I seem to have forgotten how to find a kernel and it's frustrating me. I want to solve

$$ \begin{pmatrix} 1-\phi & 1 \\ 1 & -\phi \\ \end{pmatrix} \begin{pmatrix} x \\ y \\ \end{pmatrix} = \begin{pmatrix} 0 \\ 0 \\ \end{pmatrix} $$ ($\phi = \frac{1 + \sqrt{5}}{2}$ if that's relevant) this of course just amounts to finding the Kernel. However, I keep getting a trivial solution and I'm not sure where I'm going wrong.
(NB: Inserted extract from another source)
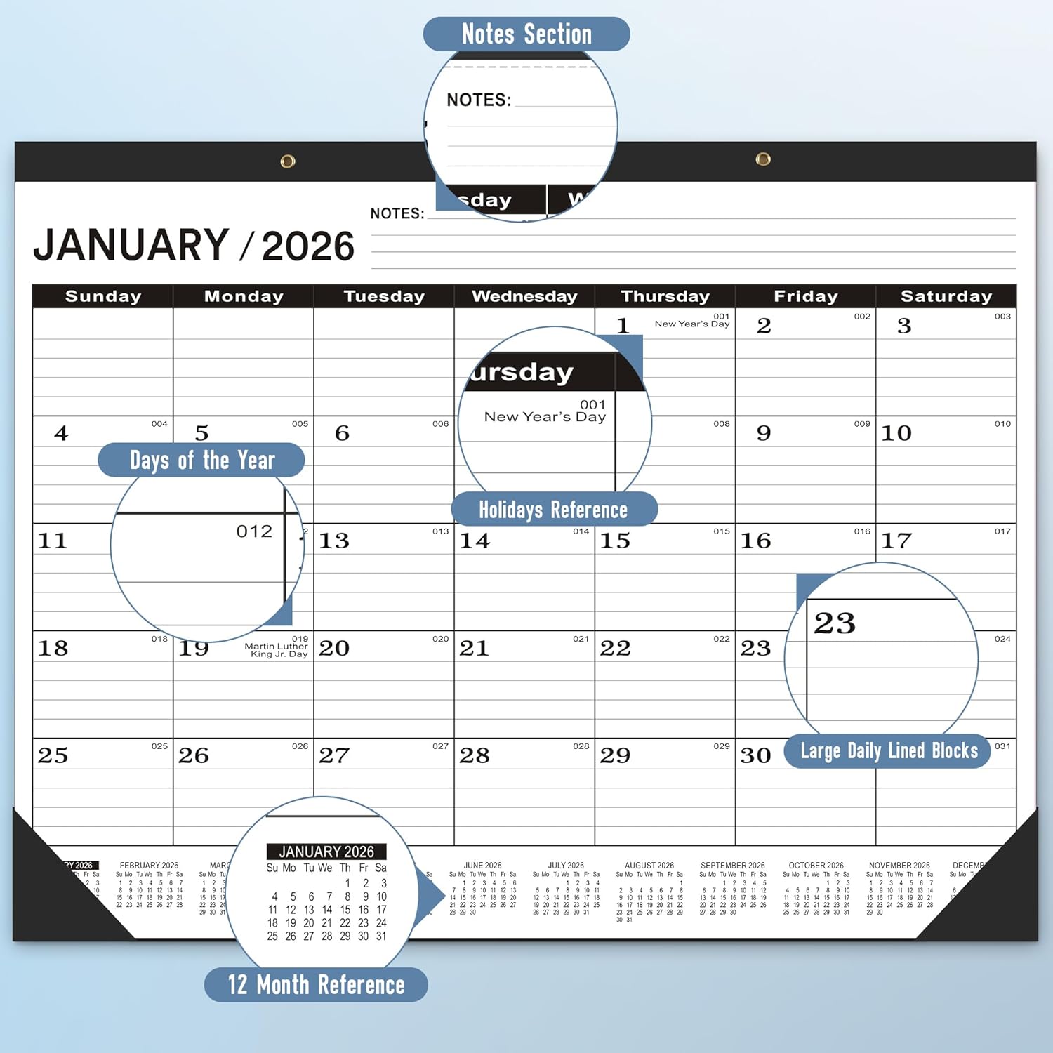 - 🎓CALENDARS--This desk calendar 2026 large 22x17 the first layer of PVC protective film can keep the desk calendar 2026 clean and prevent the calendar from being damaged by overturned water or coffee.Classroom calendar are easy-to-tear cutting lines can be easily torn off.With two black protective corners on the bottom to prevent the big calendar from being damaged.
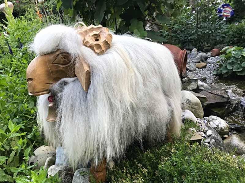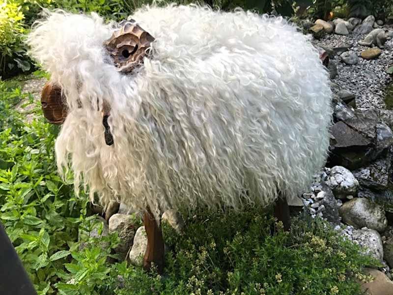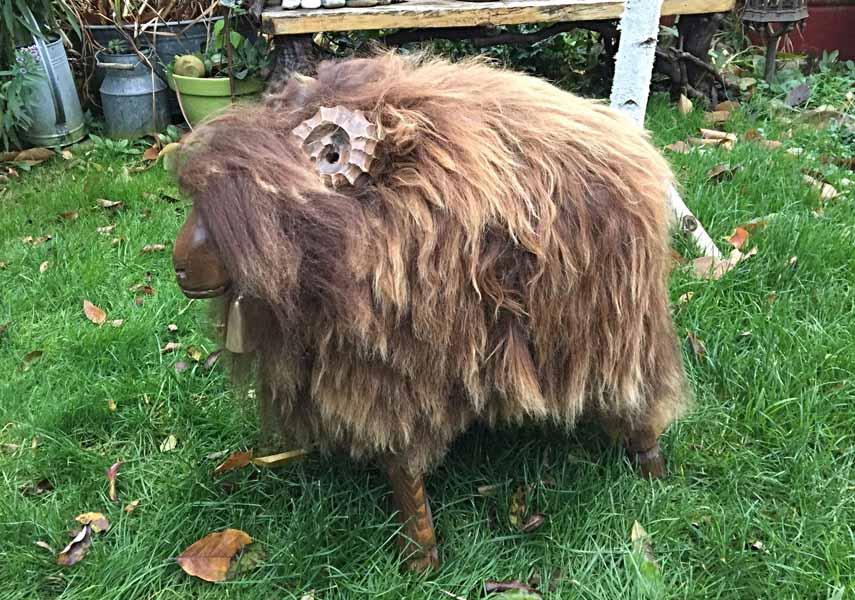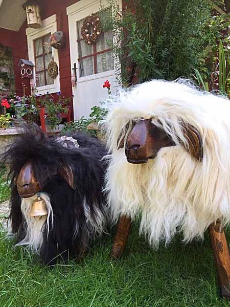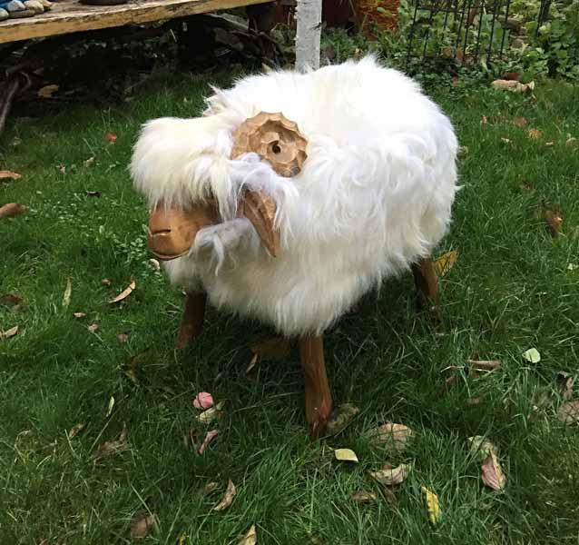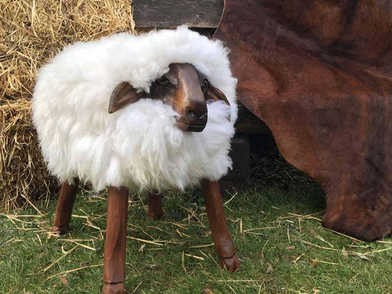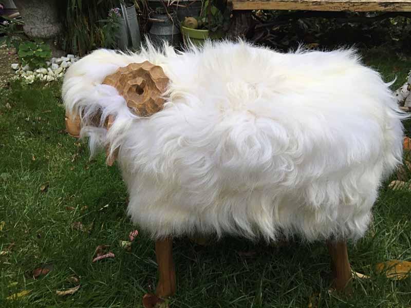 100 % Holz mit echtem Schaffell bzw. Islandschaffell überzogen und gepolstert.

$$ \left[ \begin{array}{cc|c} 1-\phi&1&0\\ 1&-\phi&0 \end{array} \right] \implies \left[ \begin{array}{cc|c} 1&\frac1{1-\phi}&0\\ 1&-\phi&0 \end{array} \right] \implies \left[ \begin{array}{cc|c} 1&\frac1{1-\phi}&0\\ 0&-\phi-\frac1{1-\phi}&0 \end{array} \right] $$

Adding a certain multiple of the second row to the first would then result in

$$\left[ \begin{array}{cc|c} 1&0&0\\ 0&1&0 \end{array} \right] $$

Clearly, there is a gap in my knowledge somewhere

Answer 1

Let us recall what $\phi$ is. Namely, the positive solution to $x^2 = x + 1$ (you can verify this if you'd like). Thus we have

$$ \begin{align*} \phi^2 &= \phi + 1 \\ \phi &= 1 + \phi^{-1} \text{ (dividing by $\phi$)} \\ \phi - 1 &= \phi^{-1} \\ \frac{1}{\phi - 1} &= \phi \\ \frac{1}{1 - \phi} &= -\phi \end{align*} $$

and there are a bunch more identities you can write down. What's important is to recognize that

$$ -\phi - \frac{1}{1 - \phi} = 0 \text{ and } \frac{1}{1 - \phi} = - \phi. $$

Thus in your row reduction, you have

$$ \left[ \begin{array}{cc|c} 1 & -\phi & 0\\ 0 & 0 & 0 \end{array} \right] $$ and you can figure out the kernel from there.

Answer 2

If you are confused by the method you have been taught, why not go back to the very meaning of the equation you have? $$\left(\begin{matrix}1-\phi&1\\1&-\phi\end{matrix}\right)\left(\begin{matrix}x\\y\end{matrix}\right)=0\\\implies\\(1-\phi)x+y=0\\x-\phi y=0$$ Then solving this system of equations by first substituting the second equation into the first, $$(1-\phi)\phi y+y=0\implies\text{we can set } y=t\text{ (*explanation below*)}\\\implies x=\phi t\text{ (by substitution into the second equation)}\tag 1$$ So the kernel is just $\left\{\left(\begin{matrix}\phi t\\t\end{matrix}\right):t\in \Bbb R\right\}$.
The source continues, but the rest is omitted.